== Problem to solve ==
Please quote exactly the lines below from the line containing "Bal oldali-heverő résszel, szürke, négyszemélyes, szélesség" to the line containing "Using a sphere", both lines included, and nothing else.

== Study material ==
....

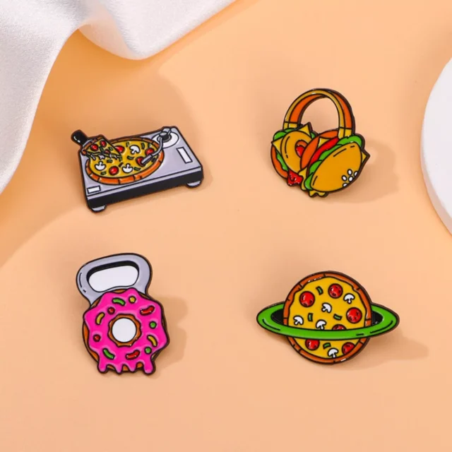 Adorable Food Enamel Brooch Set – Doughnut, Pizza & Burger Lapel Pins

....

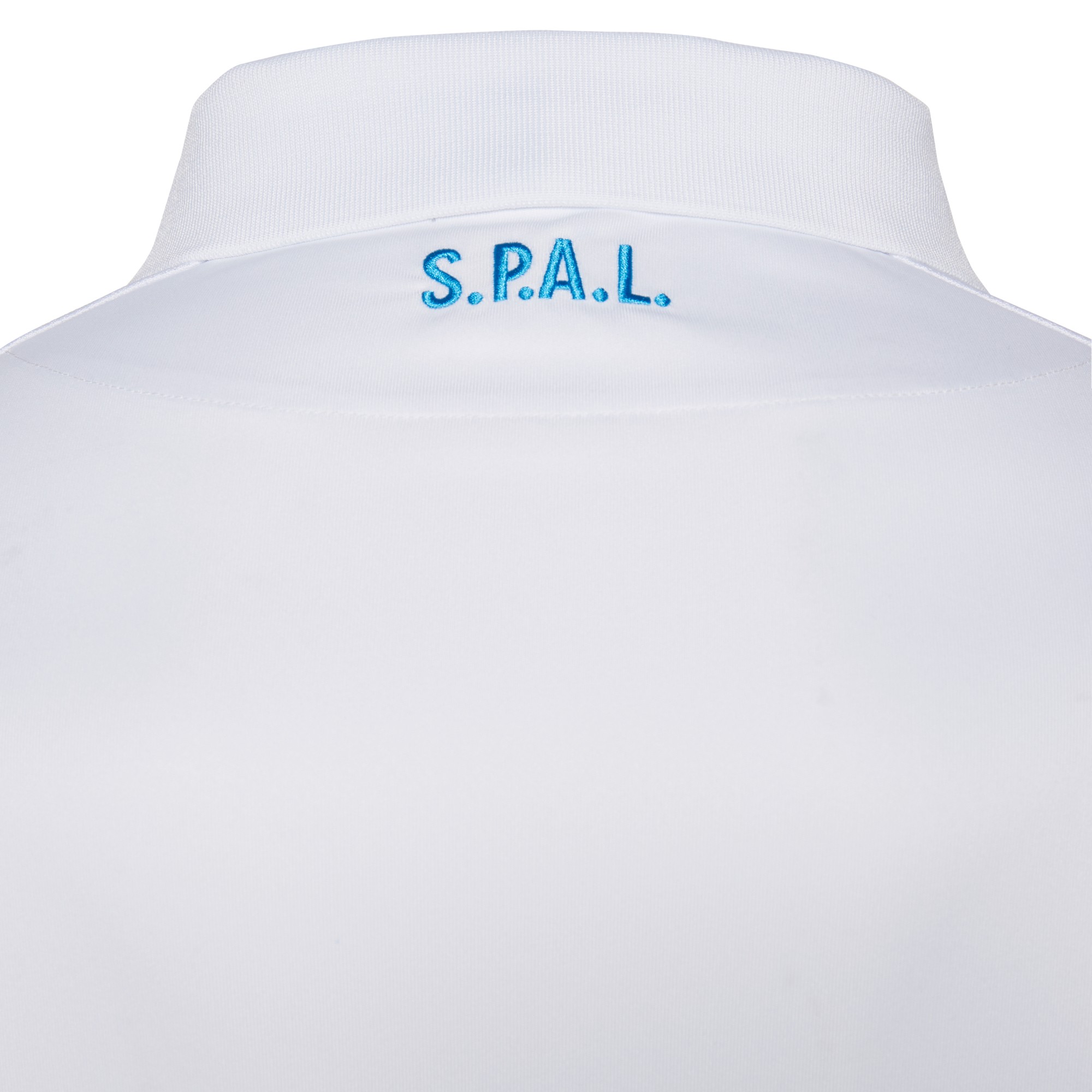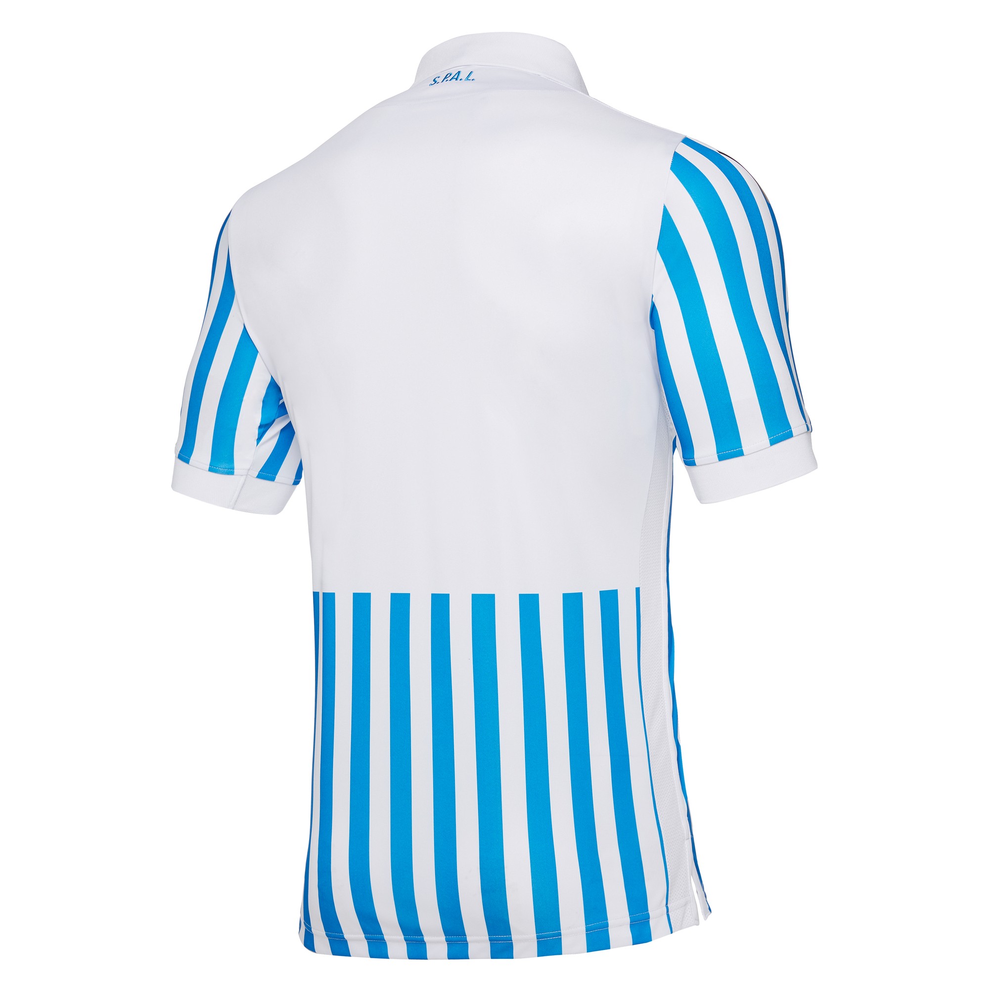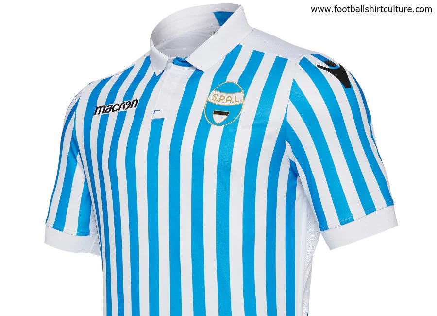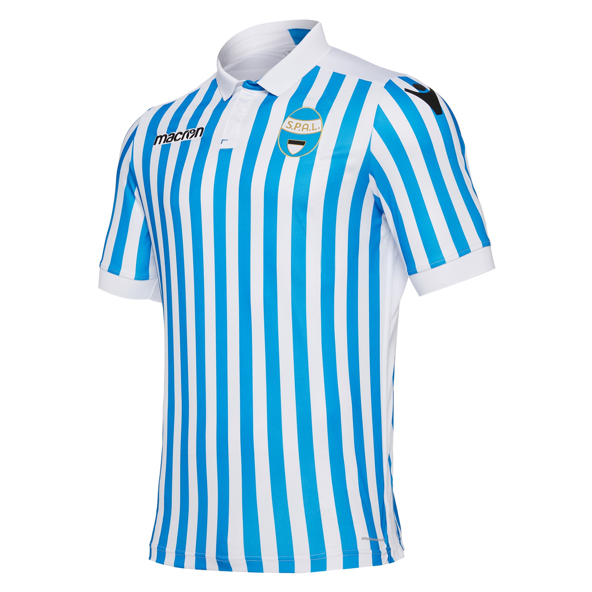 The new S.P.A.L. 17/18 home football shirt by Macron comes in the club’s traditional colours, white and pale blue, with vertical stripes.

....

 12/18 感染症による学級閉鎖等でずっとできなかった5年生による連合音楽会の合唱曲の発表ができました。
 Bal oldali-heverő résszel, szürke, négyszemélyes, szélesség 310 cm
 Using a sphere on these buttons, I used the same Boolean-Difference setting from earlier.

....

== Answer space ==
 Bal oldali-heverő résszel, szürke, négyszemélyes, szélesség 310 cm
 Using a sphere on these buttons, I used the same Boolean-Difference setting from earlier.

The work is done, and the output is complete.